But I can read Danish, and translate it as well.
And I did.
I decided to make it for Tapas this week. And ummm, I think I should have labeled the bowl it was in, cause a lot of people thought it was a dessert. It did look all creamy and gooey.
Oh well, I have quite a bit left and it will be eaten this week.
The one my brother made was a lot lighter as well, and I liked the taste better as well. I followed the recipe as written, except for the mustard powder, I kinda screwed up on that. Cause when I tasted it, like any good cook should, I decided it needed more, and while it was good, it really didn't need the extra.

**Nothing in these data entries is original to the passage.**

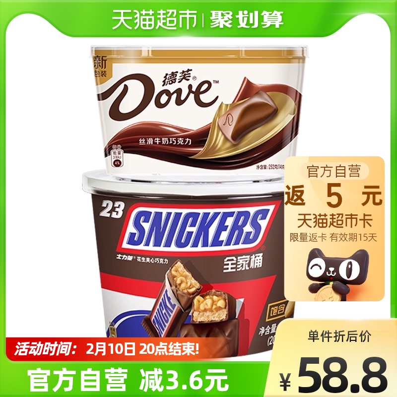 德芙丝滑牛奶巧克力252g+士力架460g全家桶装休闲小吃零食年糖果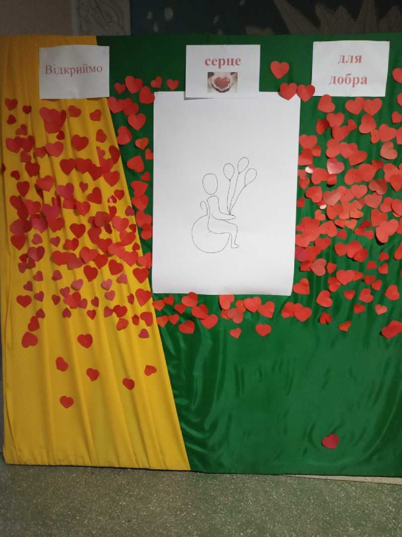В нашій школі пройшла акція «Відкриємо серце для добра», в якій прийняли участь учні початкових класів. Кожна дитина самостійно виготовила сердечко і прикріпила в знак поваги і дбайливого відношення до людей з особливими освітніми потребами.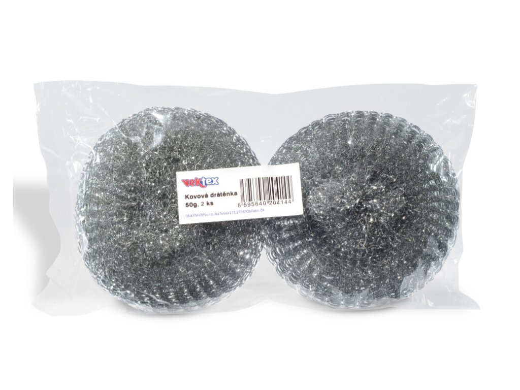 Pro důkladné vydrhnutí hrnců a pánví bez poškrábání, pletená ocelová drátěnka o váze 50 g.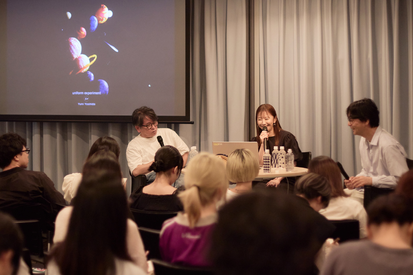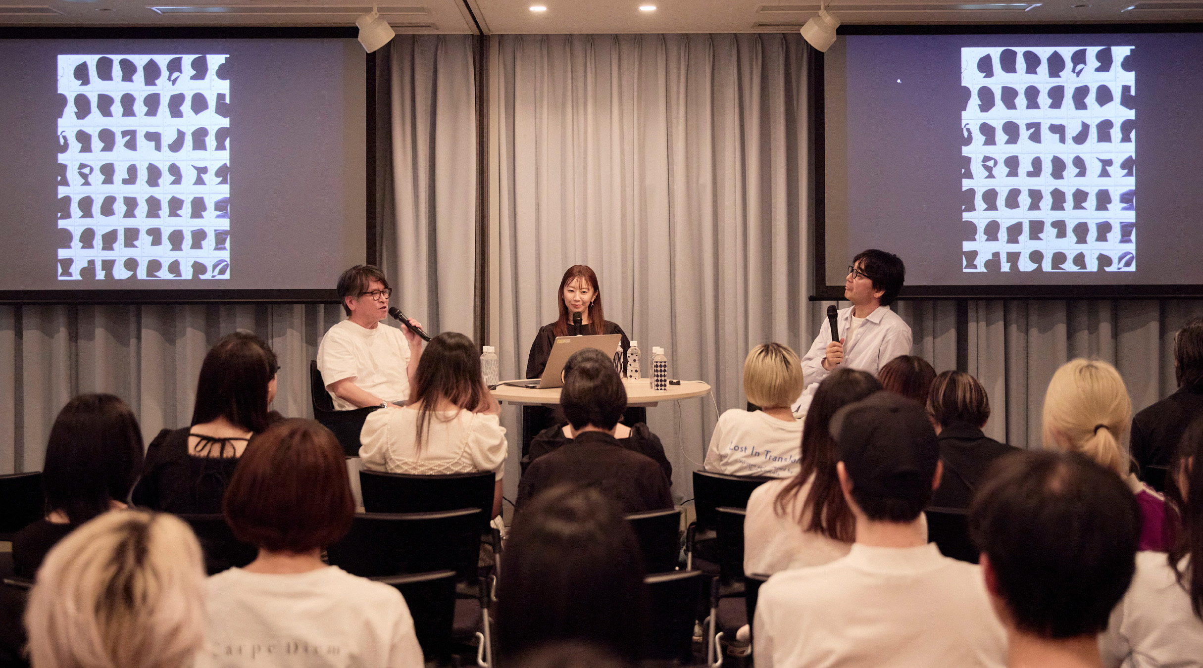 亀倉雄策賞の受賞対象にもなった本学の学生募集ポスターデザインを、約20年にわたり手がけてきた林先生。そのデザインの変遷や、制作の裏側にある思考や試行錯誤、そしてひとりの作家としてグラフィックデザインに向き合い続ける姿勢が語られました。また、吉田ユニ先生と服部一成さんによる制作エピソードや、三者のあたたかな関係性にも話が及び、時にユーモアも交えながら、刺激に満ちたトークが繰り広げられました。

Did. Not. Need. The. Extra. Mustard.
I cook and make mistakes too, and I'm sharing the good and the whoops with you.
I bought some baby potatoes in the 'big city' last week, and decided they would be perfect for this. They were a mixture of red, yellow and purple potatoes. But I just decided to use the red and yellow potatoes, cause the purple ones looked, well, they just looked like they might not have gone all that well with the rest. And besides which, they tasted good, fried up in a pan, with a little ketchup.
Look how pretty the colors are, the red potatoes made a pink potato and the yellow, well, they stayed yellow. I elected to not put in the baby blue/purple potatoes as I wanted to eat them on my own. And I thought they might look kinda odd.
I then minced up half a very large shallot.
Folded the cut potatoes into it, and placed it in the fridge.
But I served it with a couple 'scapes' to decorate the top.
Next time though, I won't add extra mustard powder. sigh. But I will add a touch of sugar to it.
Danish Potato Salad
- 2 lbs. new red and yellow potatoes, cooked. Peeled if desired
- 1/2 cup Creme Fraiche
- 1/4 cup light sour cream
- 2 tablespoons Rice Wine or White Wine Vinegar
- 1 teaspoon salt (optional)
- 1/2 teaspoon Colman's mustard powder
- 1 small Shallot, minced
- 1-2 tablespoons Garlic Scapes or chopped Chives
- 1/2 teaspoon sugar (optional)
- Cook and peel the potatoes, then cut into thirds if using small new potatoes. Or do a nice dice on them.
- Mince the shallot, set aside.
- Whisk together the Creme Fraiche, Sour Cream, Vinegar and Mustard Powder. (add the salt here if using it).
- Place the potatoes and minced shallots in a bowl, add the garlic scapes or chives.
- Pour the dressing over the potato mixture and toss gently to combine. Place in the fridge for a few hours for the flavors to get acquainted.
- When ready to serve, place the potato salad in a pretty bowl and decorate with either chopped chives or a couple of garlic scapes.
- Please be aware that mixing the vinegar together with the sour cream/ Creme Fraiche will cause it to thicken quite a bit.